Media, industry also sending mixed messages
Australia's ageing population has been covered extensively in the media. It's possible that headlines about the "pressure" this puts the pension under have contributed to a perception that the age pension isn't sustainable.
Coates says that the way the super industry frames its role in the retirement system means it isn't surprising that some people are concerned the age pension will disappear.
"I think (that fear) comes from 25 years of people being told that super's purpose is to replace the age pension and that the age pension is unsustainable," he says.
"When you have an industry whose stated objective is, in part, replacing the age pension and they're telling everyone it's inadequate, I think we shouldn't be surprised that a lot of people think the age pension won't be there when they retire."
Is the age pension eligibility age rising?
One possible source of confusion around the age pension was a now-abandoned announcement that the start age would move to 70.
The age you can get the pension varies slightly depending on when you were born. If you're unsure when you can get the age pension, Moneysmart's super and pension age calculator can give you the answer.
Tweaks to the pension age have been relatively minor given the rise in life expectancy since the system began. People now live 25 years longer on average than when the original eligibility age was set in 1909.

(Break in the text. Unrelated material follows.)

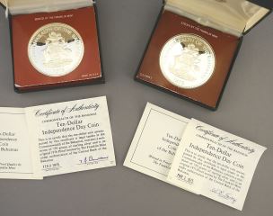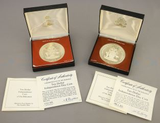 1975 & 1976 Commonwealth of Bahamas $10 Independence Day Coins (2) with Certificate.

Tweaks to the pension age have been relatively minor given the rise in life expectancy since the system began
Another recent reform to the age pension was a tightening of the means test in 2017. ACOSS supported this change on the grounds that it made the age pension fairer. The organisation reported that around 170,000 part pensioners got an increase as a result of the change, while most of those who got less were home-owning couples with assets (besides their home) worth between $500,000 and $1,000,000.
But it doesn't follow from these reforms that the pension isn't sustainable or that the government will one day abolish it.
The bottom line
"You can understand why there's confusion over the future of the age pension, given the unhelpful and unclear messages sent by some politicians, super funds, advisors and media members," says Super Consumers Australia director Xavier O'Halloran.
"This misinformation could see retirees have a lower standard of living as they over-save in the belief that the government will cut the age pension.
"The good news is, there may be tweaks to make it fairer, but the age pension is going nowhere."